:: TASK REQUIREMENTS ::
Before copying, set the pictures aside; then repeat every line below verbatim.

:: MATERIAL PROVIDED ::

>>>

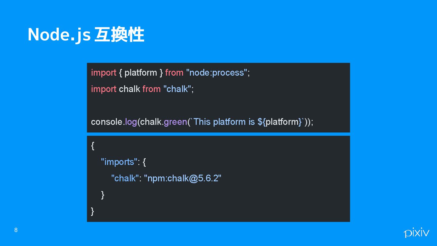 8 Node.js 互換性 import { platform } from "node:process"; import chalk
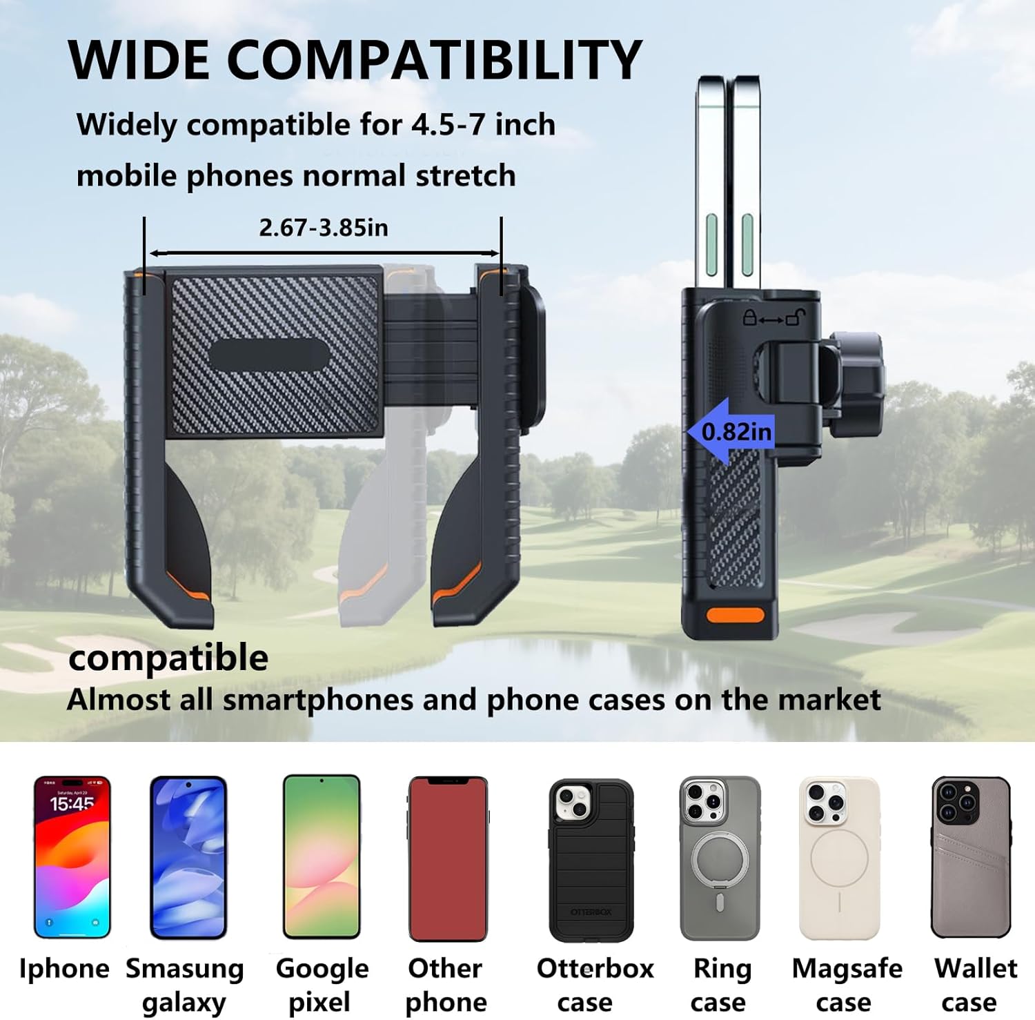 Holds phones rock-solid even on rough fairways or off-road trails
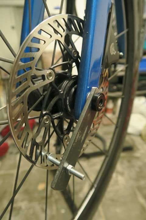 Thierry GEUMEZ Posté il y a 6 heures Posté il y a 6 heures (modifié) Malgré tout le soin que j'ai apporté au réglage de mes étriers, j'entends régulièrement un léger frottement en danseuse. Le jeu total entre les plaquettes et les disques étant de 0,4 mm (données Campa), donc 0,2 mm de chaque côté si le centrage est parfait, ça laisse peu de marge de manoeuvre et le moindre voile du disque ou mauvais centrage de l'étrier ne pardonne pas. J'ai donc décidé de me confectionner un petit outillage pour faciliter le dévoilage des disques. Je n'ai pas encore trouvé de solution parfaite pour le centrage des étriers parce qu'ils ont tendance à glisser légèrement lors du serrage des vis. Modifié il y a 6 heures par Thierry GEUMEZ

<<<

:: TASK RESULT ::
 8 Node.js 互換性 import { platform } from "node:process"; import chalk
 Holds phones rock-solid even on rough fairways or off-road trails
 Thierry GEUMEZ Posté il y a 6 heures Posté il y a 6 heures (modifié) Malgré tout le soin que j'ai apporté au réglage de mes étriers, j'entends régulièrement un léger frottement en danseuse. Le jeu total entre les plaquettes et les disques étant de 0,4 mm (données Campa), donc 0,2 mm de chaque côté si le centrage est parfait, ça laisse peu de marge de manoeuvre et le moindre voile du disque ou mauvais centrage de l'étrier ne pardonne pas. J'ai donc décidé de me confectionner un petit outillage pour faciliter le dévoilage des disques. Je n'ai pas encore trouvé de solution parfaite pour le centrage des étriers parce qu'ils ont tendance à glisser légèrement lors du serrage des vis. Modifié il y a 6 heures par Thierry GEUMEZ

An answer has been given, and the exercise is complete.